I'd like the full listing transcribed exactly, with no images included.

Provided data:
=======

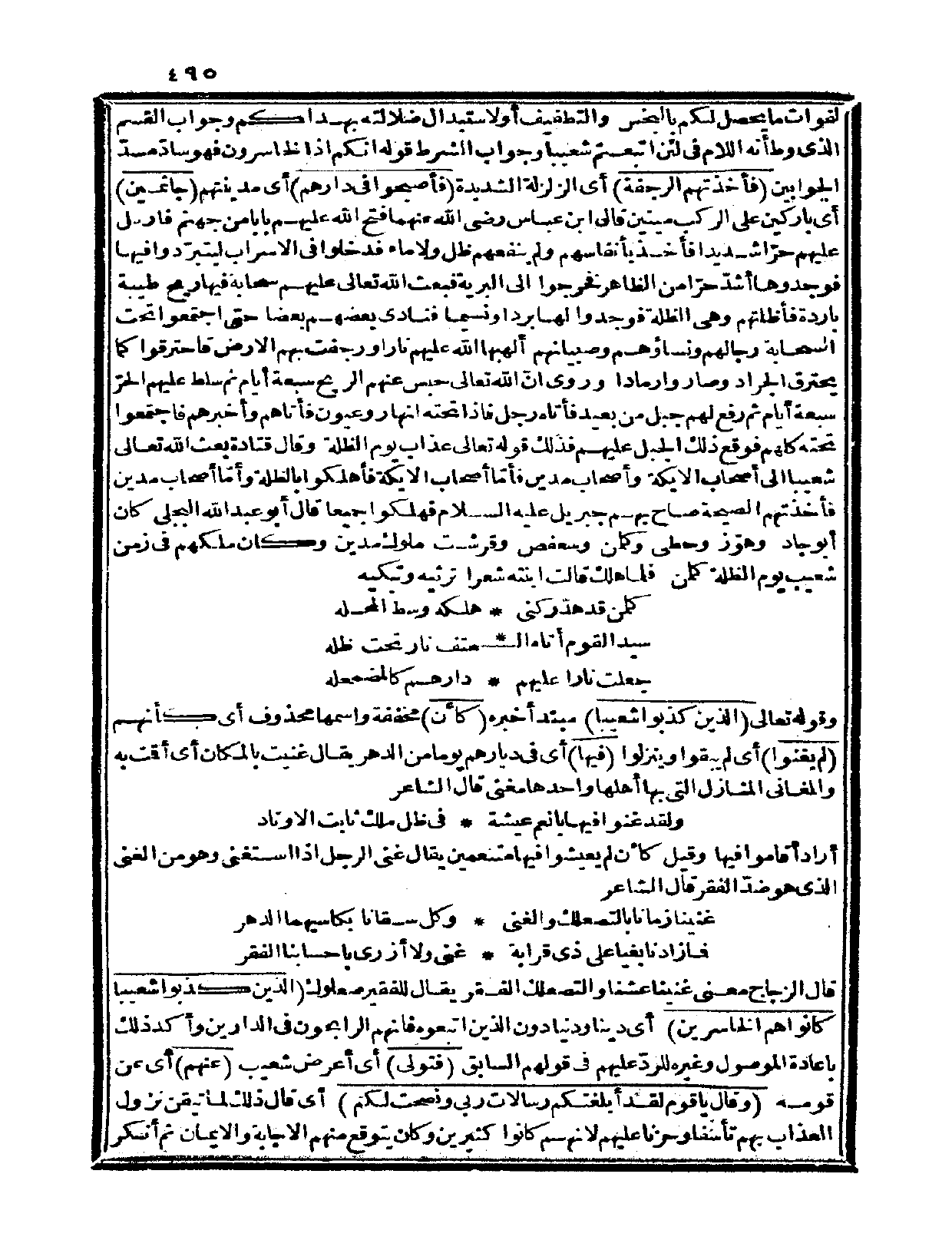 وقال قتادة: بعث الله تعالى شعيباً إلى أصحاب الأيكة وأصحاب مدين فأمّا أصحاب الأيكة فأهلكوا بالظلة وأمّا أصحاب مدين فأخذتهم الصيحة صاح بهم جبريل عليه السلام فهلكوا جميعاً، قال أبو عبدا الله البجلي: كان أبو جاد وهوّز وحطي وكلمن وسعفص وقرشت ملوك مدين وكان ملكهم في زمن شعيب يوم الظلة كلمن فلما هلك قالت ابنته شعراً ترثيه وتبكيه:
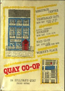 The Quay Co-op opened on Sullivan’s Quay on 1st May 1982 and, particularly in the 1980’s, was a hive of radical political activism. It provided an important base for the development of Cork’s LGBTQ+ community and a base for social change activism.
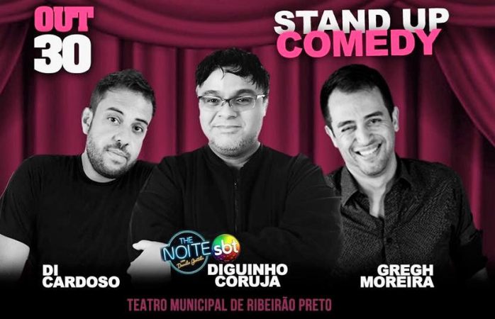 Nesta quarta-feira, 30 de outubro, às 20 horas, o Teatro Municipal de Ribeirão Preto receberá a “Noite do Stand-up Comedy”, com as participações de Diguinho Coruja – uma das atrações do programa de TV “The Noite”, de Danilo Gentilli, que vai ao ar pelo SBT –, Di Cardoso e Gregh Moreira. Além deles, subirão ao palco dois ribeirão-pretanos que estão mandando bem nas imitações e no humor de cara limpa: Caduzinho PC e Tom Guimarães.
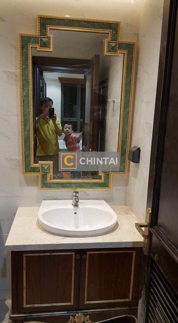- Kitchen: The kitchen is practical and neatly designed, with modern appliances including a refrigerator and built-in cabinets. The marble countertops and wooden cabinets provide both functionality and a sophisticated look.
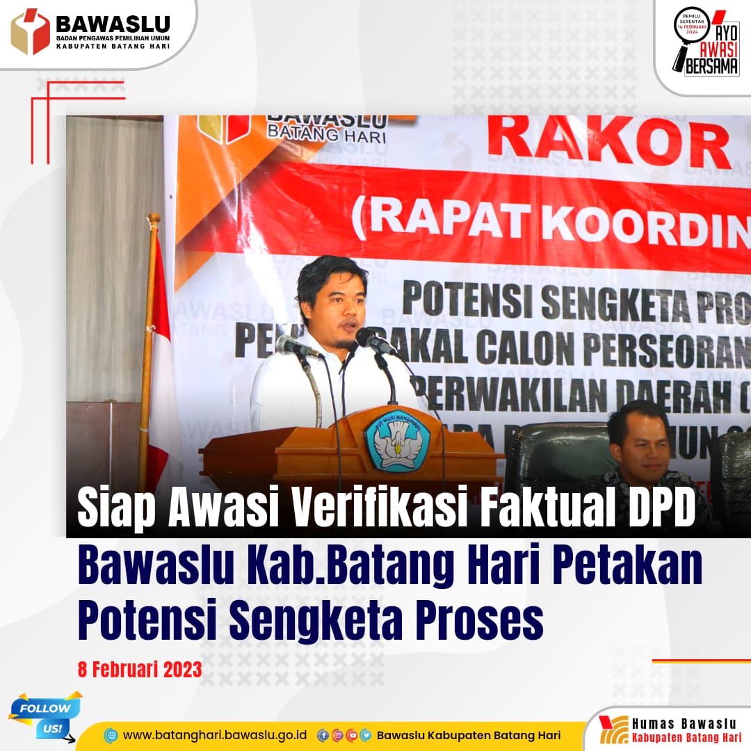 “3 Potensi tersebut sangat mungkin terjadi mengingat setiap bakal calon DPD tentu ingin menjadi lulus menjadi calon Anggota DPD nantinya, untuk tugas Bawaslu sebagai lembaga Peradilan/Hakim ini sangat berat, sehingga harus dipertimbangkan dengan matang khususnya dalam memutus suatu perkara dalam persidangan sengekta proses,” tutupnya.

=======

Response box:
 وقال قتادة: بعث الله تعالى شعيباً إلى أصحاب الأيكة وأصحاب مدين فأمّا أصحاب الأيكة فأهلكوا بالظلة وأمّا أصحاب مدين فأخذتهم الصيحة صاح بهم جبريل عليه السلام فهلكوا جميعاً، قال أبو عبدا الله البجلي: كان أبو جاد وهوّز وحطي وكلمن وسعفص وقرشت ملوك مدين وكان ملكهم في زمن شعيب يوم الظلة كلمن فلما هلك قالت ابنته شعراً ترثيه وتبكيه:
 The Quay Co-op opened on Sullivan’s Quay on 1st May 1982 and, particularly in the 1980’s, was a hive of radical political activism. It provided an important base for the development of Cork’s LGBTQ+ community and a base for social change activism.
 Nesta quarta-feira, 30 de outubro, às 20 horas, o Teatro Municipal de Ribeirão Preto receberá a “Noite do Stand-up Comedy”, com as participações de Diguinho Coruja – uma das atrações do programa de TV “The Noite”, de Danilo Gentilli, que vai ao ar pelo SBT –, Di Cardoso e Gregh Moreira. Além deles, subirão ao palco dois ribeirão-pretanos que estão mandando bem nas imitações e no humor de cara limpa: Caduzinho PC e Tom Guimarães.
- Kitchen: The kitchen is practical and neatly designed, with modern appliances including a refrigerator and built-in cabinets. The marble countertops and wooden cabinets provide both functionality and a sophisticated look.
 “3 Potensi tersebut sangat mungkin terjadi mengingat setiap bakal calon DPD tentu ingin menjadi lulus menjadi calon Anggota DPD nantinya, untuk tugas Bawaslu sebagai lembaga Peradilan/Hakim ini sangat berat, sehingga harus dipertimbangkan dengan matang khususnya dalam memutus suatu perkara dalam persidangan sengekta proses,” tutupnya.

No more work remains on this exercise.